4 min readApr 12, 2025

I was running my own Business as a Freelancer back in 2019, when I first started collaborating with a startup crafting an online learning experience. They were still in their seed state, but already run a pilot at one of the most renowned Business Universities in Canada. Now they were on the lookout of an UI Designer who could revamp their product interface to make it look more polished.

I liked their approach and energy, was very positive and grateful to be part of this opportunity. After a few weeks of back and forth, I delivered a bunch of high-fidelity mockups to their developers of a fully redesigned Interface together with a new UI library. When everyone first saw my designs, they got very excited and it didn’t take long, that I became a trustful partner for their business and we knew that this was the beginning of a long-lasting collaboration.

After a while, when they asked me to design their company website, they gave me the keys to their office and offered me a desk in their co-working space — until I started seeing behind the scenes. I gained more insights into their objectives and got a better understanding about how they run their business. That’s when I realized… this startup may fail.

Waterfalls

Once I was brought into the roadmap conversations, I noticed a pattern: feature after feature was being planned for the next nine months — none of it tested, validated, or anchored in user need. My role, it turned out, was being mistaken for a production artist: design visuals, pass them off, repeat. I began to realize, that their learning curve is bigger than I thought, that my role in this startup is something completely else.

I’ve seen them running into a build trap… They were building fast — but not smart.

They offered me a full-time position. — I declined. — Not because I didn’t believe in the product, but because I realized that what they needed wasn’t a UI/UX designer — they needed a new way of working. What they thought was a design problem was actually an operational one. They were throwing features at users like spaghetti at a wall, hoping something would stick.

And most of it? Waste. Developers that are developing a product no one asked for — waste. Me designing the surface of a not thought out product. — waste. Marketing a product that is misaligned with reality. — waste.

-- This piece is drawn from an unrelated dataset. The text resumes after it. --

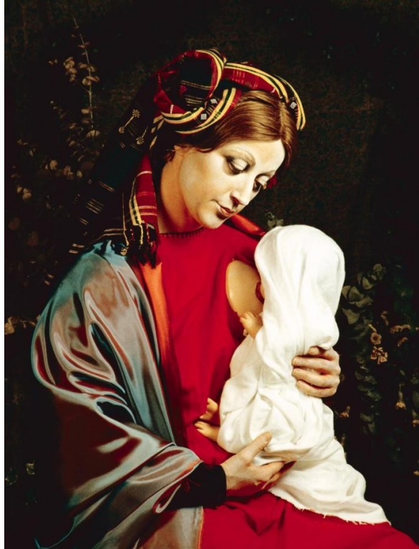
Figura 11 - Untitled #223
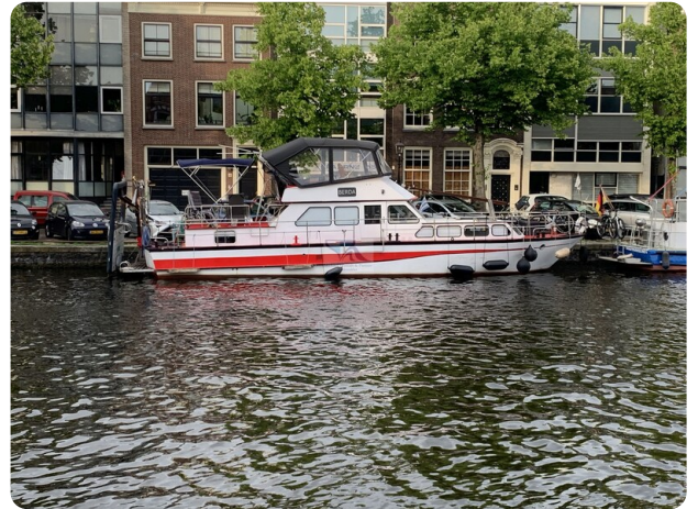
15m Stahlmotoryacht BERDA 30

I saw this startup drowning their users by throwing feature after feature at them, before even testing assumptions or defining an MVP. Besides working in a waterfall-like fast paced environment I had to educate them in fundamentals and teach them a more sustainable approach — what it means to run in cycles to support continuous improvement and discovery. So I convinced them to hire someone else full-time, until I found a way for how we can work together. I realized my energy would be better spent helping them think — not just build. So instead of going full-time, I stepped back to reflect: How can I help them shift from a build mindset to a learning mindset?

Watermills

I began introducing UX Reasearch & leaner methods — smaller bets, faster feedback, and a focus on outcomes over output. I facilitated discovery sprints. I reframed their idea of what “done” means. I explained that iteration isn’t a stage; it’s a mindset. And that shipping a feature is only half the job — understanding its impact is the rest.

“Stop and go lean now!”

But most importantly, I stopped seeing myself as “just” a designer. I saw myself as someone who could influence how product decisions are made.

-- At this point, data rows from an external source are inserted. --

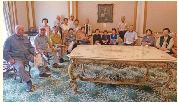
2班参加者の皆さん
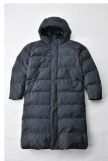
アルミ蓄熱パデッドフードロングコート THERMOLITE (R) 使用/ブラック
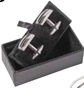
Manšetni gumbi 7CAMICIE 29,90 €

A Call to Designers: Step Up, Take a Seat

Designers: we can’t just be asked to colour in wireframes or “make it pretty.” We are in the room where assumptions are made. And if we don’t challenge those assumptions early, we’ll spend months designing and building the wrong thing.

We are not just UI designers. We are facilitators of understanding. We are translators of complexity. We are co-owners of the product vision.

To make real impact, we need to act more like product leads — define requirements, shape roadmaps, and guide what gets built and why. That doesn’t mean doing someone else’s job — it means doing ours more completely.

So if you’ve ever been mistaken for a production artist, here’s your moment:

  • 🔁 Stop operating in the delivery lane.
  • 🎯 Start shaping strategy.
  • ✍️ Take the seat at the table.
  • 🧭 Design the why, not just the what.

Today that’s what I do. I am a Strategic Designer with a PM mindset, and I have direct influence on product road maps.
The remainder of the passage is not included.